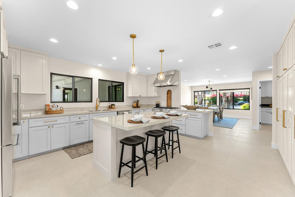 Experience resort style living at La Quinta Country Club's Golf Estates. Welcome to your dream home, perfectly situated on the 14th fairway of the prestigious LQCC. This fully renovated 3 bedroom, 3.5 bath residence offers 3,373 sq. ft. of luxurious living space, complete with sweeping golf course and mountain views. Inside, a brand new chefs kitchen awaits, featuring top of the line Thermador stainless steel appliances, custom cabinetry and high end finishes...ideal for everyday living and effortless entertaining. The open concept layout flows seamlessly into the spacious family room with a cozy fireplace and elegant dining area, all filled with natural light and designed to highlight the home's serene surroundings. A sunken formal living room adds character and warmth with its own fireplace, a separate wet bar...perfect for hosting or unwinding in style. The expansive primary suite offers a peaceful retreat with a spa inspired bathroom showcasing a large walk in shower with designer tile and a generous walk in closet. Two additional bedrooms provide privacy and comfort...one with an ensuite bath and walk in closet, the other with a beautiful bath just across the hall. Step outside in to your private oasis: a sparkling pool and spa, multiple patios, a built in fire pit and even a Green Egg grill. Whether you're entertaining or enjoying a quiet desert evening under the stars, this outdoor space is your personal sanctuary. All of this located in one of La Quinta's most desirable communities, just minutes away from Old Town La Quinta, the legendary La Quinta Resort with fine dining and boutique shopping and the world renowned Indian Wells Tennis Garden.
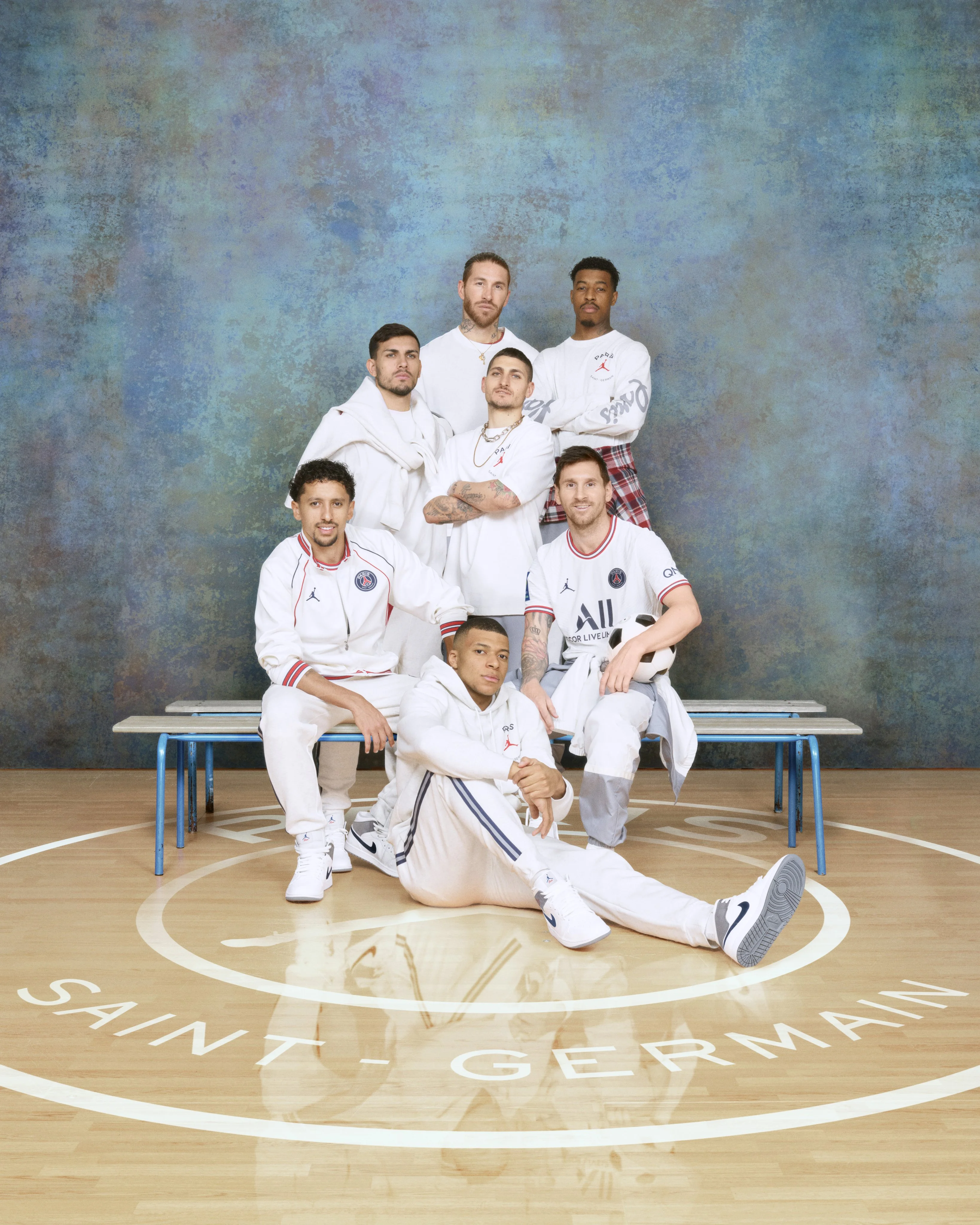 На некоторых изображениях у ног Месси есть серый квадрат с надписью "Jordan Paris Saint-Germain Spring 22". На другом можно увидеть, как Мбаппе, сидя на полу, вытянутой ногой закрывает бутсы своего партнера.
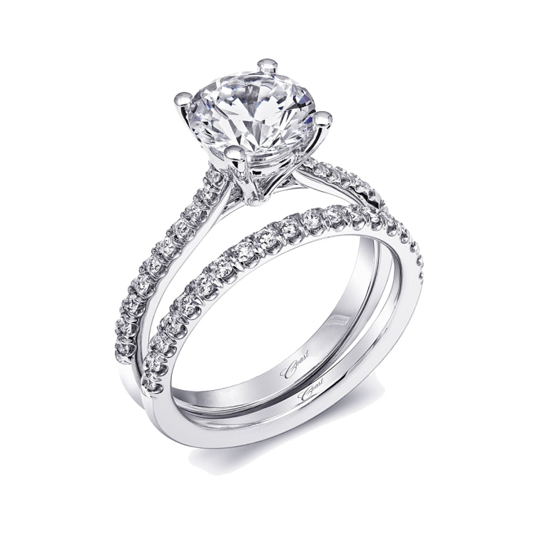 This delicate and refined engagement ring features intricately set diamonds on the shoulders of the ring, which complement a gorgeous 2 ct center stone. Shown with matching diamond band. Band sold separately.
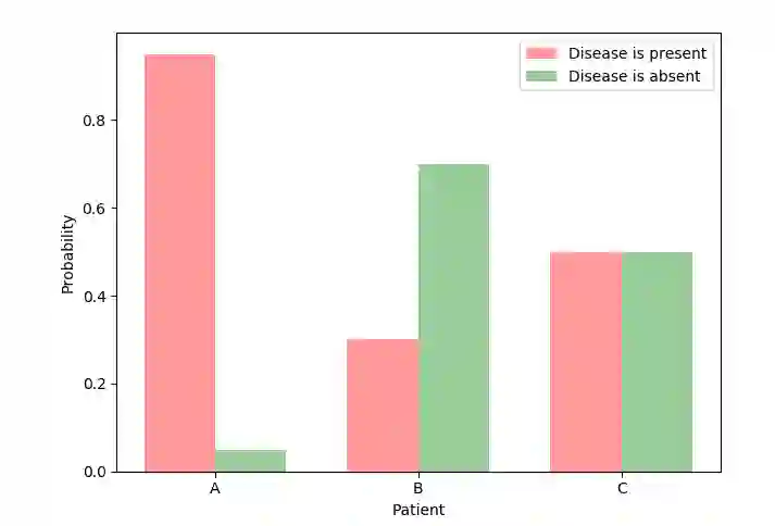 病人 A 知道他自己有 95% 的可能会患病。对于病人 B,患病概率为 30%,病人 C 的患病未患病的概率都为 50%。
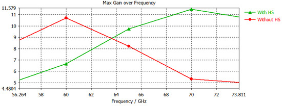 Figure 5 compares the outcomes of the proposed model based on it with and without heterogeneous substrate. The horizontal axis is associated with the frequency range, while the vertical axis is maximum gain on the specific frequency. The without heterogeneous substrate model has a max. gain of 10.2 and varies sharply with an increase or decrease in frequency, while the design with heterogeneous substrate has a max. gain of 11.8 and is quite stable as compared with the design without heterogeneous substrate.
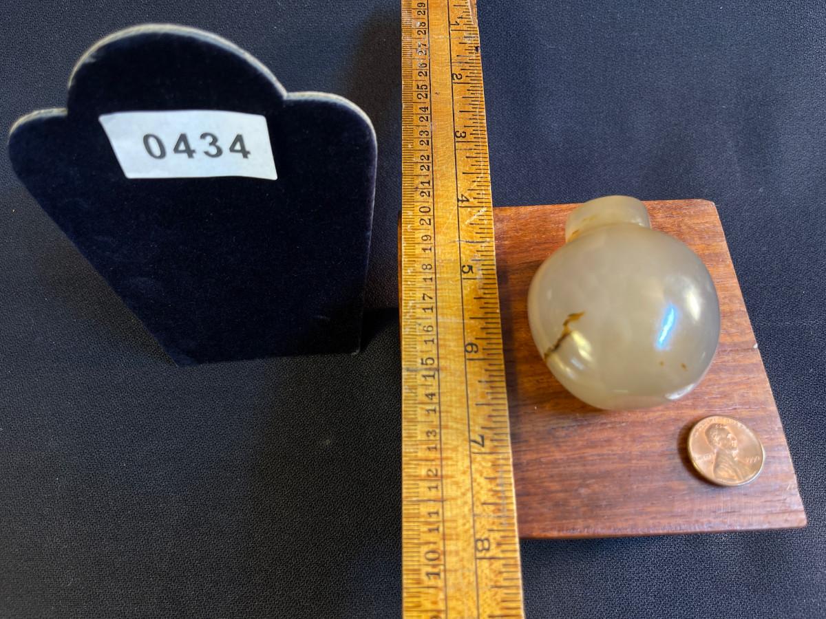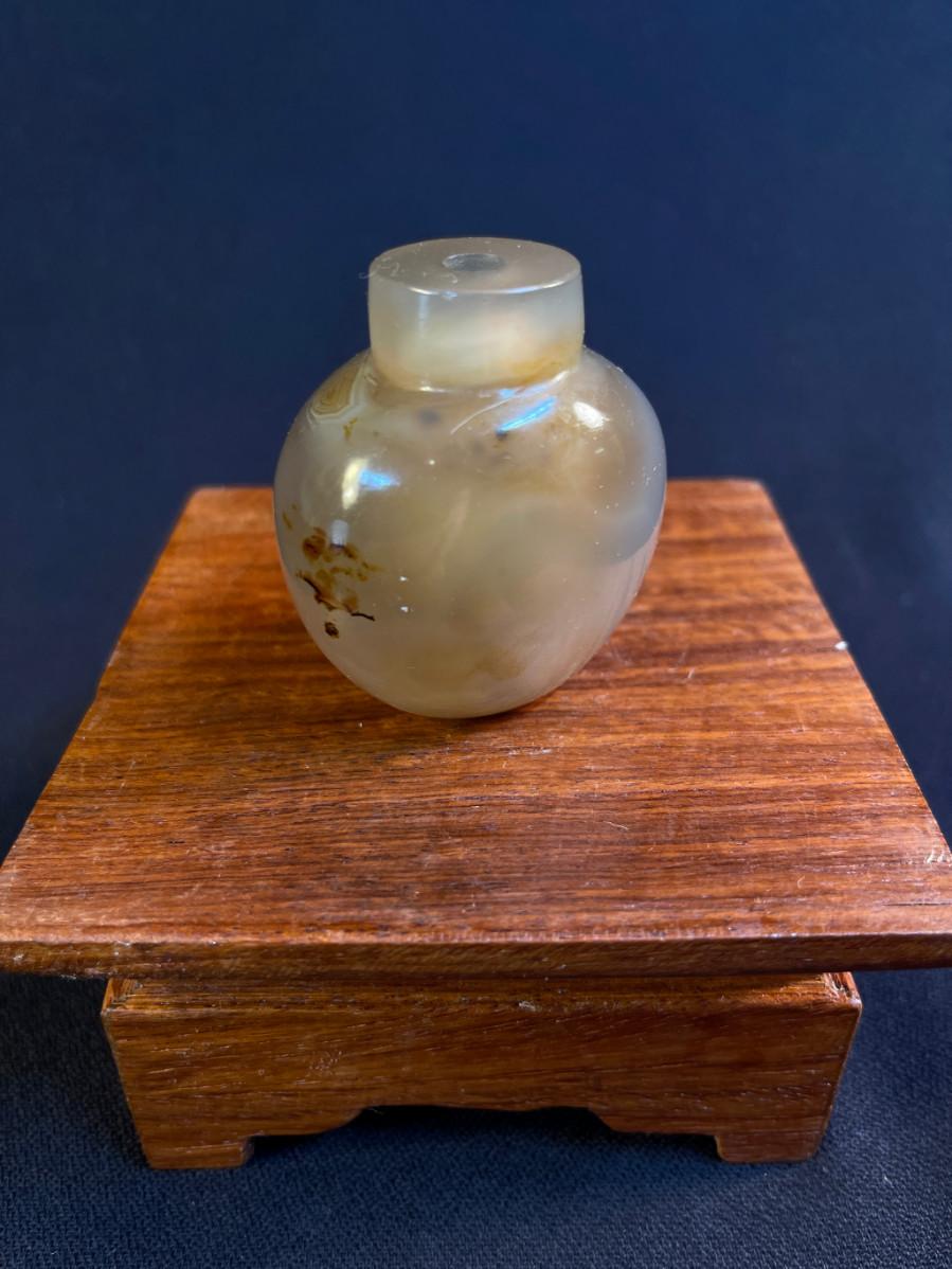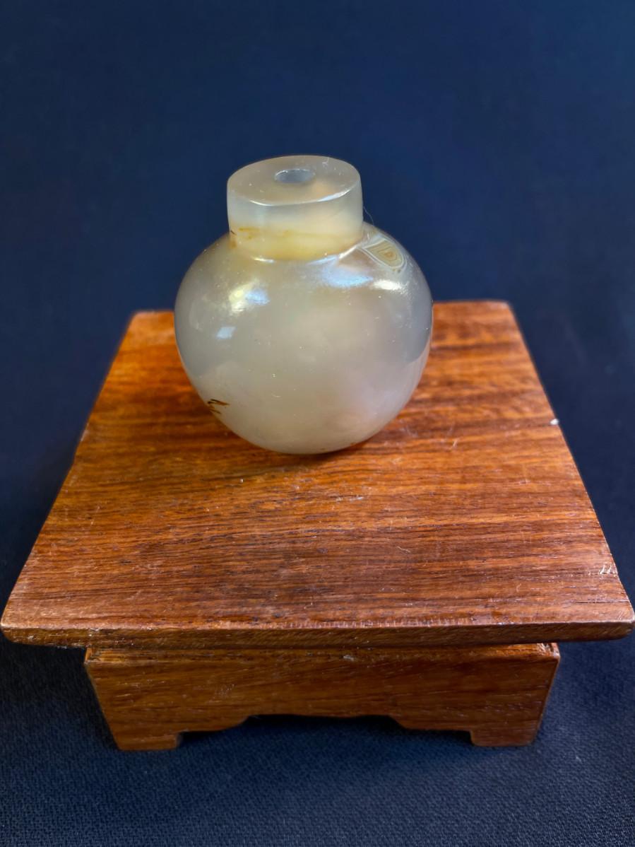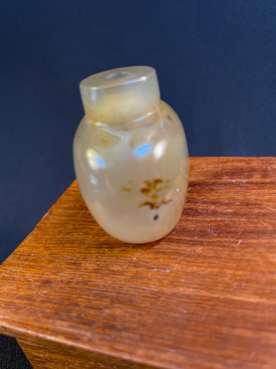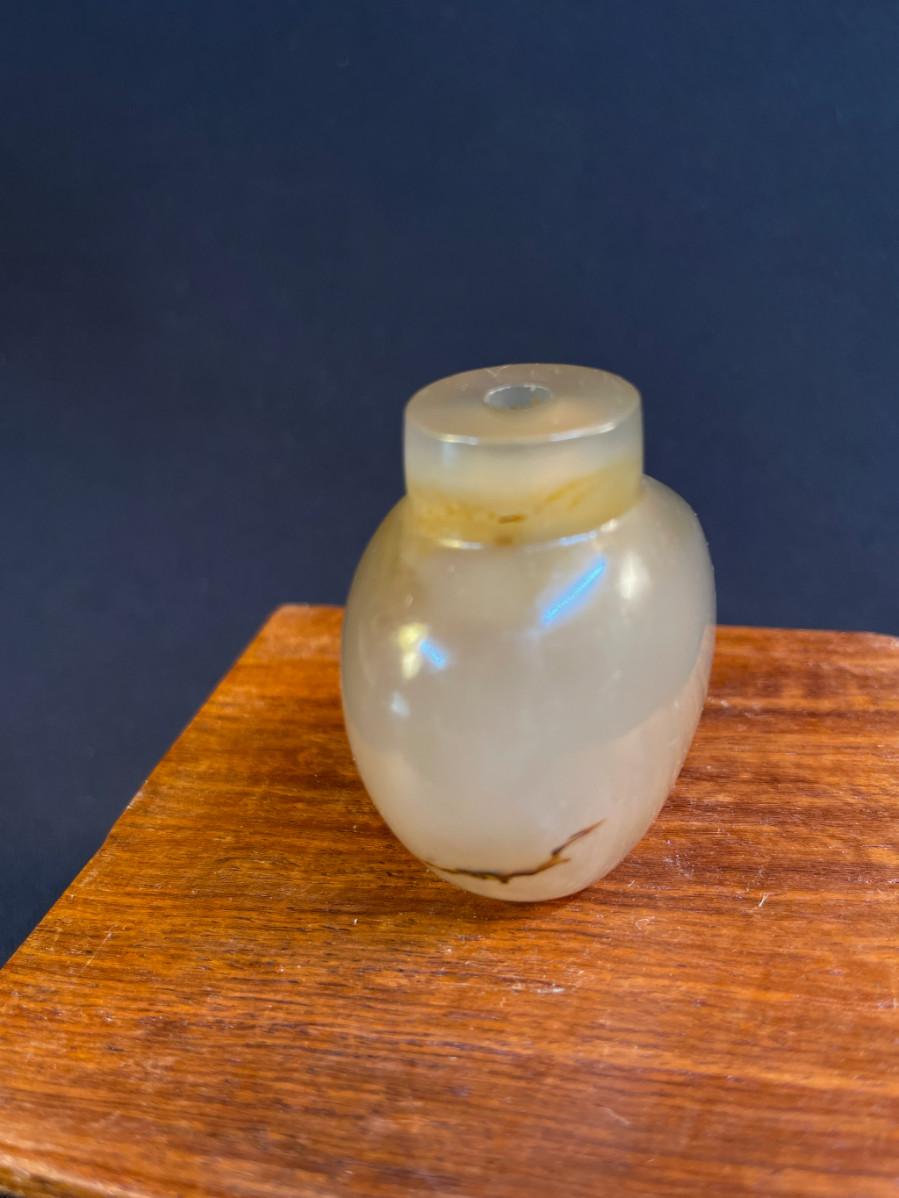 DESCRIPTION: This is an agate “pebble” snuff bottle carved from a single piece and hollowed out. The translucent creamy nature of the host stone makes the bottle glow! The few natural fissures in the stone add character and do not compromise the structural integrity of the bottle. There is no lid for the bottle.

-------------------------

Please set the records down again exactly as written. The pictures should not be included.

[RESPONSE TO THE EXERCISE]:
 Experience resort style living at La Quinta Country Club's Golf Estates. Welcome to your dream home, perfectly situated on the 14th fairway of the prestigious LQCC. This fully renovated 3 bedroom, 3.5 bath residence offers 3,373 sq. ft. of luxurious living space, complete with sweeping golf course and mountain views. Inside, a brand new chefs kitchen awaits, featuring top of the line Thermador stainless steel appliances, custom cabinetry and high end finishes...ideal for everyday living and effortless entertaining. The open concept layout flows seamlessly into the spacious family room with a cozy fireplace and elegant dining area, all filled with natural light and designed to highlight the home's serene surroundings. A sunken formal living room adds character and warmth with its own fireplace, a separate wet bar...perfect for hosting or unwinding in style. The expansive primary suite offers a peaceful retreat with a spa inspired bathroom showcasing a large walk in shower with designer tile and a generous walk in closet. Two additional bedrooms provide privacy and comfort...one with an ensuite bath and walk in closet, the other with a beautiful bath just across the hall. Step outside in to your private oasis: a sparkling pool and spa, multiple patios, a built in fire pit and even a Green Egg grill. Whether you're entertaining or enjoying a quiet desert evening under the stars, this outdoor space is your personal sanctuary. All of this located in one of La Quinta's most desirable communities, just minutes away from Old Town La Quinta, the legendary La Quinta Resort with fine dining and boutique shopping and the world renowned Indian Wells Tennis Garden.
 На некоторых изображениях у ног Месси есть серый квадрат с надписью "Jordan Paris Saint-Germain Spring 22". На другом можно увидеть, как Мбаппе, сидя на полу, вытянутой ногой закрывает бутсы своего партнера.
 This delicate and refined engagement ring features intricately set diamonds on the shoulders of the ring, which complement a gorgeous 2 ct center stone. Shown with matching diamond band. Band sold separately.
 病人 A 知道他自己有 95% 的可能会患病。对于病人 B,患病概率为 30%,病人 C 的患病未患病的概率都为 50%。
 Figure 5 compares the outcomes of the proposed model based on it with and without heterogeneous substrate. The horizontal axis is associated with the frequency range, while the vertical axis is maximum gain on the specific frequency. The without heterogeneous substrate model has a max. gain of 10.2 and varies sharply with an increase or decrease in frequency, while the design with heterogeneous substrate has a max. gain of 11.8 and is quite stable as compared with the design without heterogeneous substrate.
 DESCRIPTION: This is an agate “pebble” snuff bottle carved from a single piece and hollowed out. The translucent creamy nature of the host stone makes the bottle glow! The few natural fissures in the stone add character and do not compromise the structural integrity of the bottle. There is no lid for the bottle.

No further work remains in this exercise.